● **GOAL OF THE EXERCISE**
Nothing but the pictures is dropped; write out all the remaining data below exactly.

● **THE DATA**
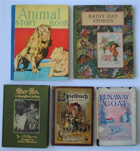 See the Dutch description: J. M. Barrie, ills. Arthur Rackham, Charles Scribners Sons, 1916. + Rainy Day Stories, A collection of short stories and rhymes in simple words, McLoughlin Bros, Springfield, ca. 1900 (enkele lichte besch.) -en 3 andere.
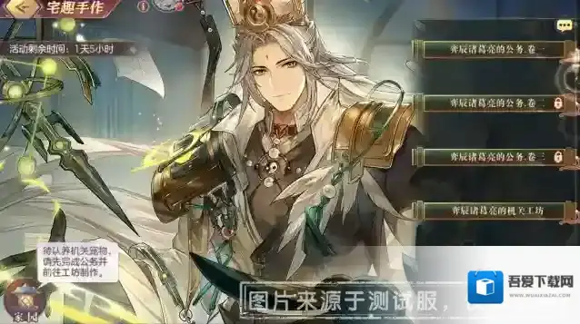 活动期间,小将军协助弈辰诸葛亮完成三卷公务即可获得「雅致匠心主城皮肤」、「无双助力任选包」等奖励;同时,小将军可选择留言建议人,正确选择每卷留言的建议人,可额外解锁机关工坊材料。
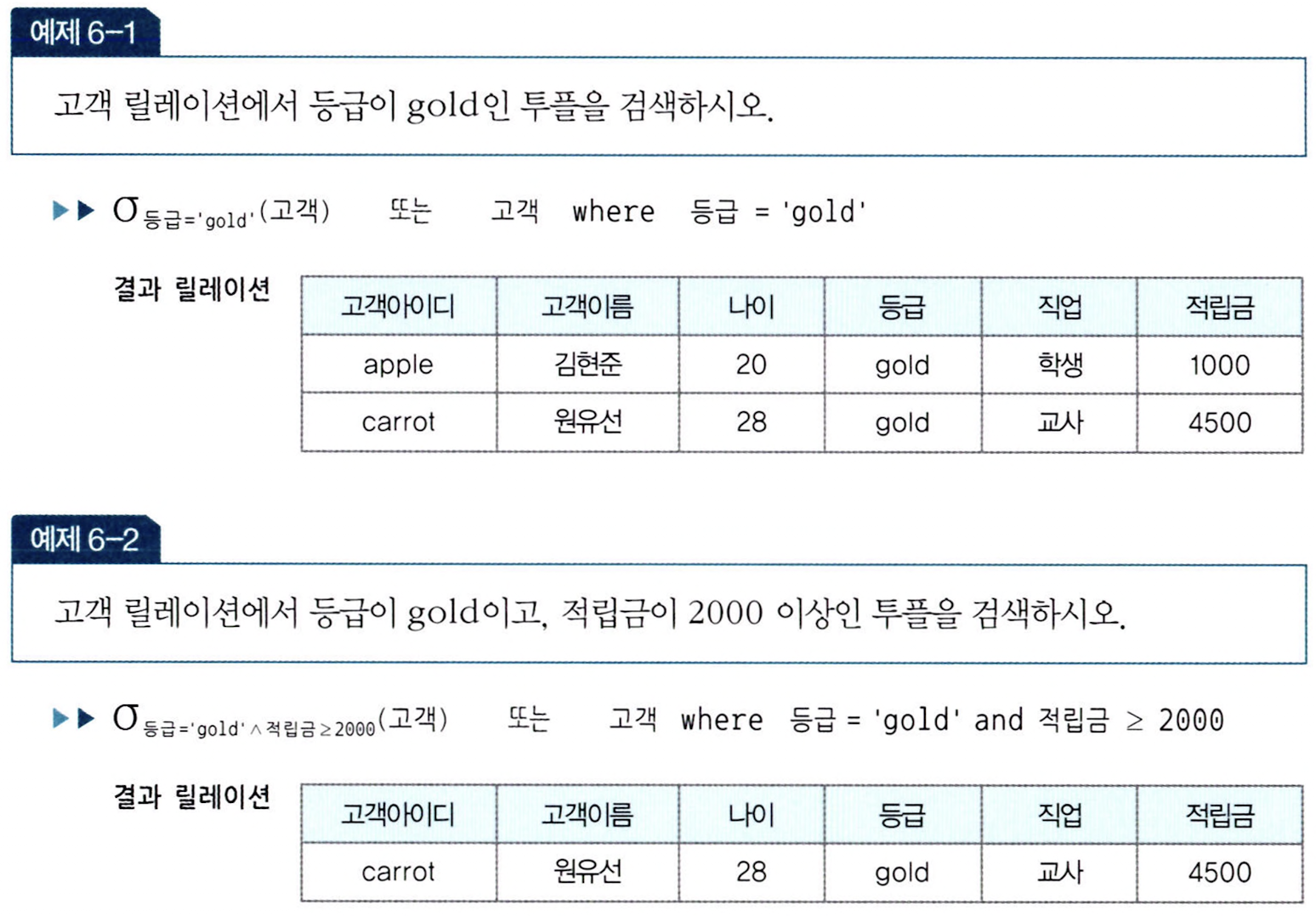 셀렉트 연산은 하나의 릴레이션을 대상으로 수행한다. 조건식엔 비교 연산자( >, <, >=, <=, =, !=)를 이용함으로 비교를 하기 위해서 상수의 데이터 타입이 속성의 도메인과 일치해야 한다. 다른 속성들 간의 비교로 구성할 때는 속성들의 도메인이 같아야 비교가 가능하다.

● **ANSWER SECTION**
 See the Dutch description: J. M. Barrie, ills. Arthur Rackham, Charles Scribners Sons, 1916. + Rainy Day Stories, A collection of short stories and rhymes in simple words, McLoughlin Bros, Springfield, ca. 1900 (enkele lichte besch.) -en 3 andere.
 活动期间,小将军协助弈辰诸葛亮完成三卷公务即可获得「雅致匠心主城皮肤」、「无双助力任选包」等奖励;同时,小将军可选择留言建议人,正确选择每卷留言的建议人,可额外解锁机关工坊材料。
 셀렉트 연산은 하나의 릴레이션을 대상으로 수행한다. 조건식엔 비교 연산자( >, <, >=, <=, =, !=)를 이용함으로 비교를 하기 위해서 상수의 데이터 타입이 속성의 도메인과 일치해야 한다. 다른 속성들 간의 비교로 구성할 때는 속성들의 도메인이 같아야 비교가 가능하다.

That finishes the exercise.